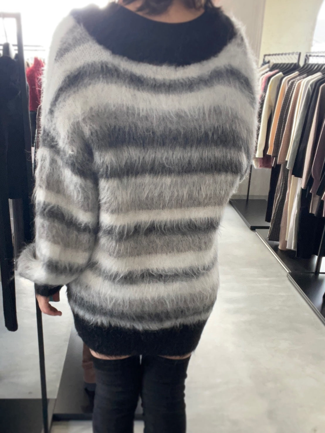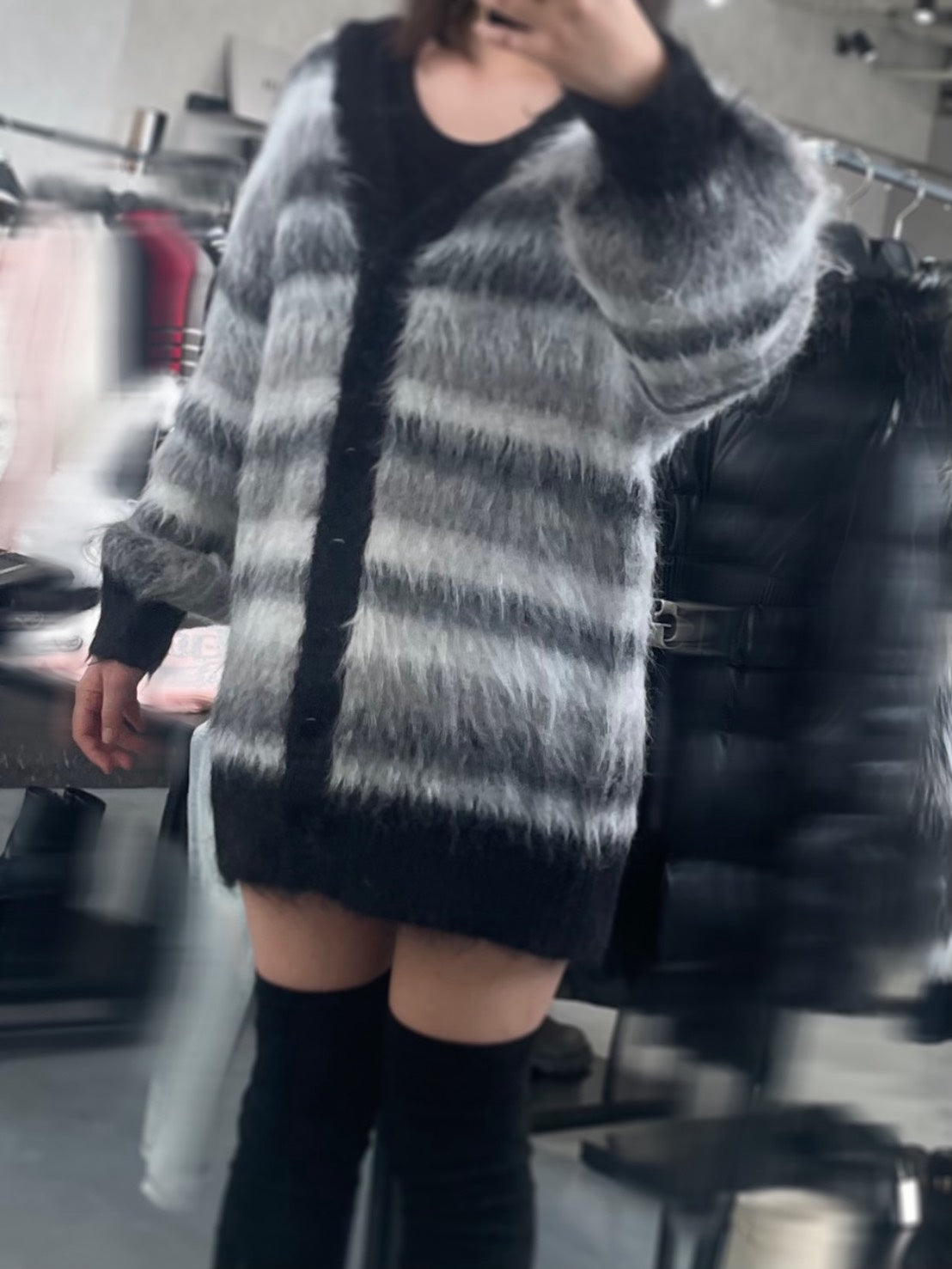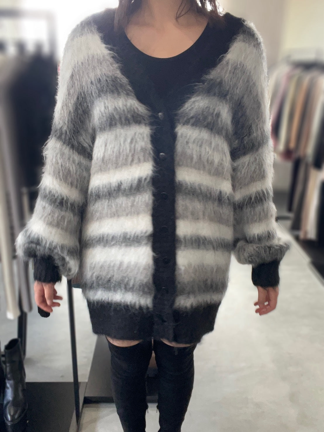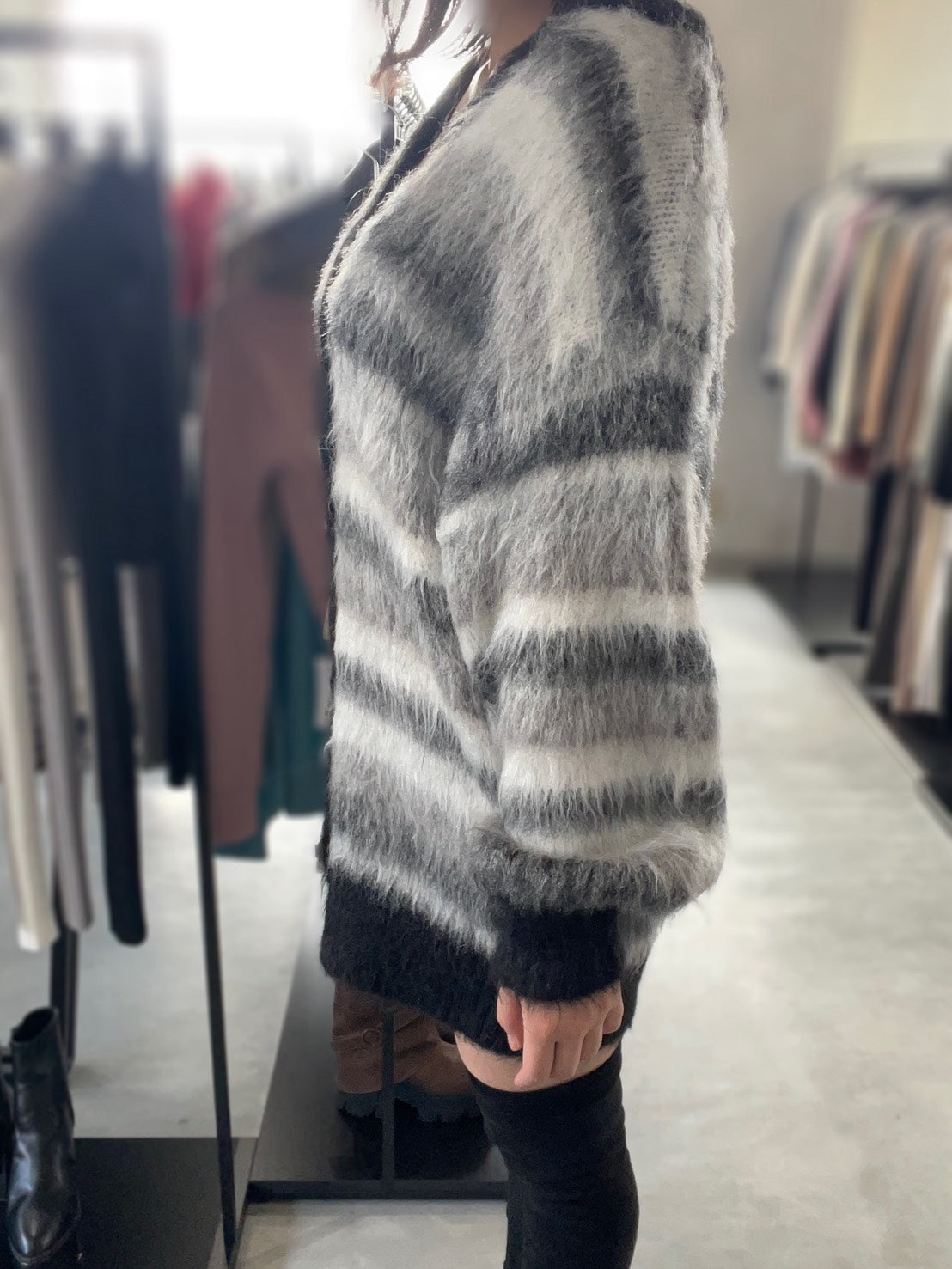 EVRIS ソフトシャギーボーダーニットカーディガン
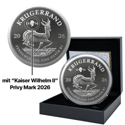 Zögern Sie nicht zu lange! Bei einer derart niedrigen Auflage ist schnelles Handeln gefragt. Sichern Sie sich jetzt Ihr Exemplar dieser außergewöhnlichen Münze und werden Sie Teil einer exklusiven Sammlergemeinschaft. Der 1 Unze Silber Krügerrand Kaiser Wilhelm II. Privy Mark 2026 – wo Tradition auf Innovation trifft und Geschichte greifbar wird.
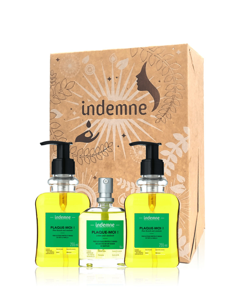 Indemne propose une gamme spécialisée dans le soin des peaux sensibles, fragiles, sèches, très sèches, irritées et abîmées, jusqu’à l’atopie. La marque a pris le parti de dédramatiser les peaux à problèmes en choisissant pour ses produits des noms décalés qui donnent envie de les utiliser.
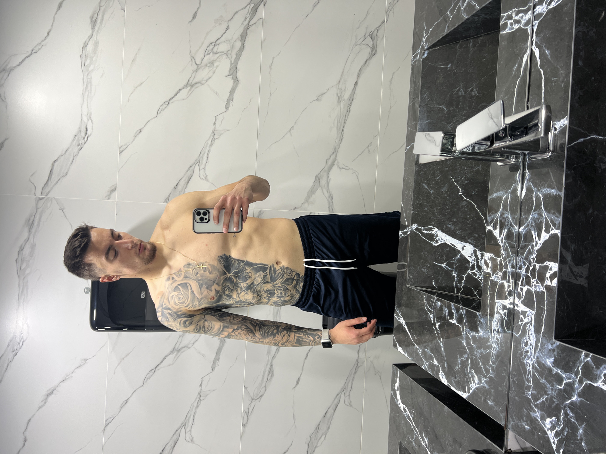 A slender, light-skinned man with tattoos is in a bathroom. He has an arm covered in tattoos. He is wearing black shorts with a white drawstring. He is holding a phone, taking a selfie. He is bare-chested. The bathroom has white marble-style walls. A modern black marble sink is to the right. A black paper towel dispenser is on the wall. The location is Petrich, Bulgaria.
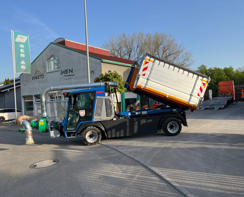Produkte: HEN Laubsaugwagen EDK 60 mit angebautem HEN-Hochleistungs-Zapfwellensaugüberladegebläse T 600, inklusive Auslegerarm
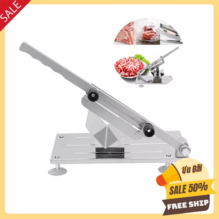 + Máy cắt thịt bằng tay được chế tạo bằng vật liệu inox cao cấp. Máy chuyên dùng thái thịt bò, thịt lợn, thịt cừu, thịt dê, thịt bê, thịt trâu... đông đá.
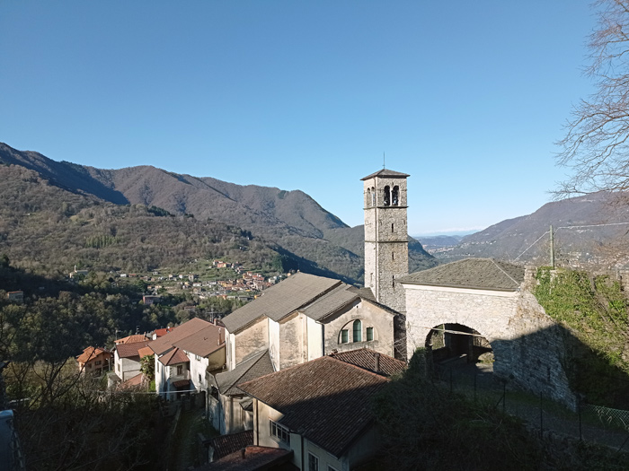 Dalla fermata dell'autobus iniziamo a salire tra le case di Palanzo, giunti nel centro del borgo una freccia a destra indica la direzione per l'antico torchio, dopo una vista a questo manufatto secolare costeggiamo la chiesa di Sant'Ambrogio e continuiamo la salita sulla via Monte Palanzone. Il sentiero è ripido ma lastricato, ci immergiamo in un bosco di faggi e castagni, al bivio svoltiamo a destra per la Bocchetta di Palanzo. Davanti a noi il sole continua ad alzarsi e tra le fronde degli alberi iniziamo a scorgere il Palanzone con la sua caratteristica vetta, superiamo un paio di torrenti e seguendo larghi tornanti arriviamo alla Bocchetta di Palanzo (1210 m).
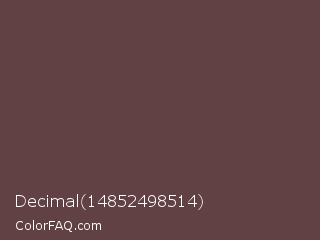 Decimal 14852498514 Color is a normal red color and the nearest color is Rose Ebony #674846. Hex code #614144 and RGB value is rgb(97,65,68). In RGB color space, this color is composed of 38% red, 25% green, 27% blue, In CMYK color space, this color is composed of 0% cyan, 33% magenta, 30% yellow , 62% black , In HSL color space, this color has a hue angle of 354° , 20% saturation and 32% lightness.
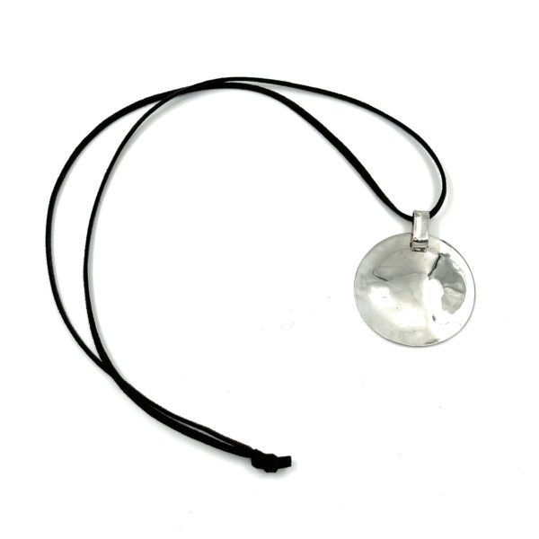 This Robert Lee Morris Sterling Silver Disc “One World” Pendant was actually a TSV (Today’s Special Value”) on QVC around 2006, with the words ONE WORLD engraved on the back of the disc. It is on a 32″ black suede cord that slides through the chunky oval bail at the top os the pendant. So this design was made in great volume but this is the only one left in the RLM archives and is being offered here as a collectors item, signed by Morris. The Sail pendant series are based on Morris sculptures which look like simple shapes of metal with wind blowing into them, giving the effect of ships sails.
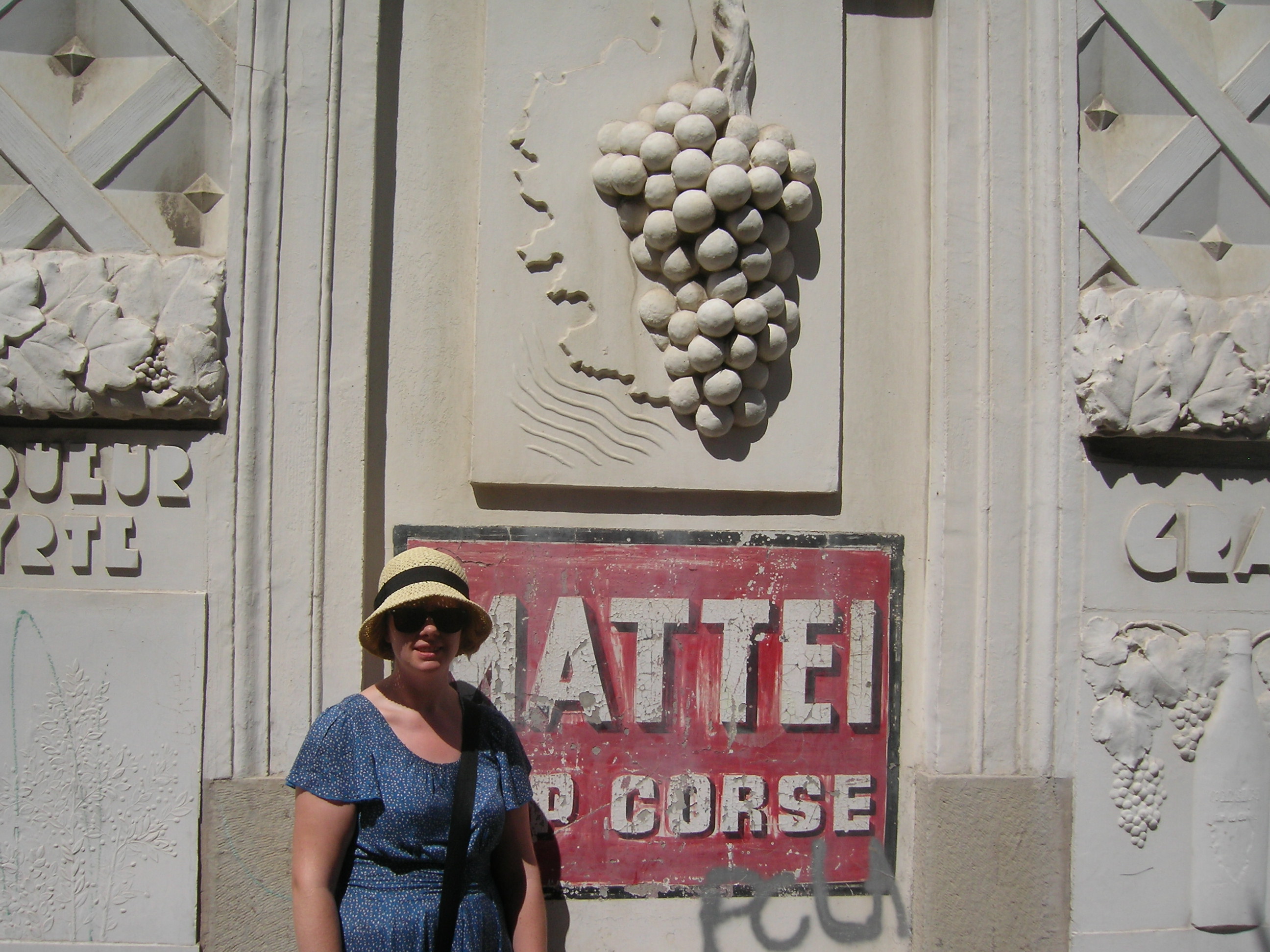 I am the stereotypical British woman – very pale, slightly ginger and a complete pear shape… as pointed out by the major of the town we stayed in when he was having lunch with our host and spotted us on the beach! Nice to know I stood out that much amidst the sea of berry-brown people (to use an Enid Blyton phrase!). Anyway, here I am modelling an art deco facade to a wine shop for you. We spent a while looking for an art deco building mentioned in the guide book, only to find it was the building we’d already taken a picture of…
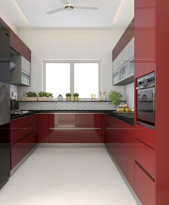The brick red and silver of this kitchen’s cabinets offer it a streamlined and posh look. The brick patterned backsplash is perfect as it does not take attention away from the colour scheme and aesthetic of the kitchen. The cabinetry not only provides adequate storage but also adds to the sleekness of the design, retaining its clean and timeless elegance for years to come.
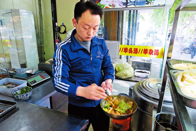 耿健開辦的陜西娃西安特色面館,店內的小吃大受歡迎。(5月3日攝)
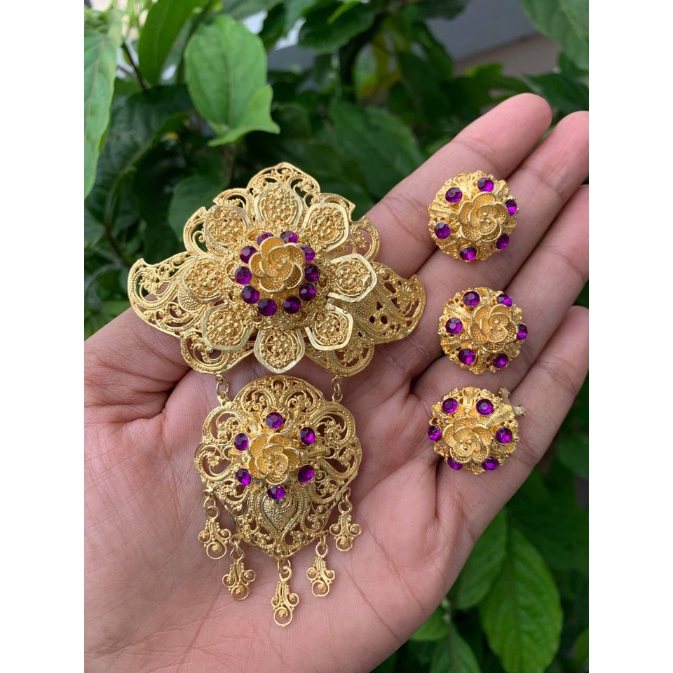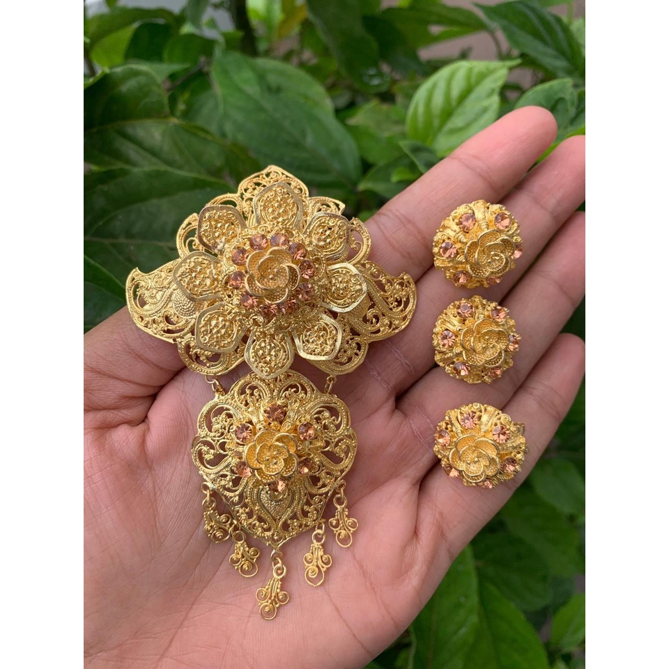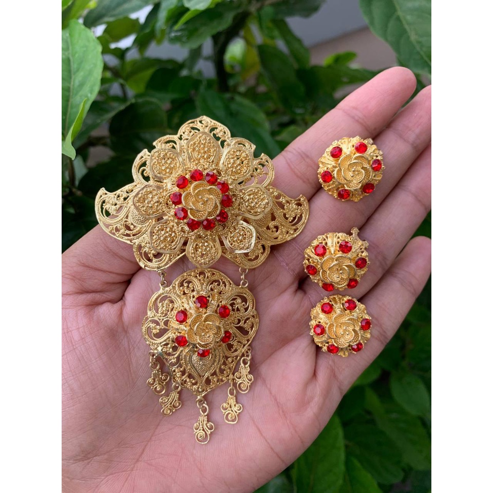 MAWAR Balinese alpaca brooch kebaya set with luna motif, rose filling brooch kerongsang kebaya
- - - -
## PROBLEM DESCRIPTION
Look above for the line with "A slender, light-skinned" and the line with "trâu... đông đá.", then copy exactly the lines from the first through the second, both kept, with no pictures.

## SOLUTION FOR THIS PROBLEM
 A slender, light-skinned man with tattoos is in a bathroom. He has an arm covered in tattoos. He is wearing black shorts with a white drawstring. He is holding a phone, taking a selfie. He is bare-chested. The bathroom has white marble-style walls. A modern black marble sink is to the right. A black paper towel dispenser is on the wall. The location is Petrich, Bulgaria.
Produkte: HEN Laubsaugwagen EDK 60 mit angebautem HEN-Hochleistungs-Zapfwellensaugüberladegebläse T 600, inklusive Auslegerarm
 + Máy cắt thịt bằng tay được chế tạo bằng vật liệu inox cao cấp. Máy chuyên dùng thái thịt bò, thịt lợn, thịt cừu, thịt dê, thịt bê, thịt trâu... đông đá.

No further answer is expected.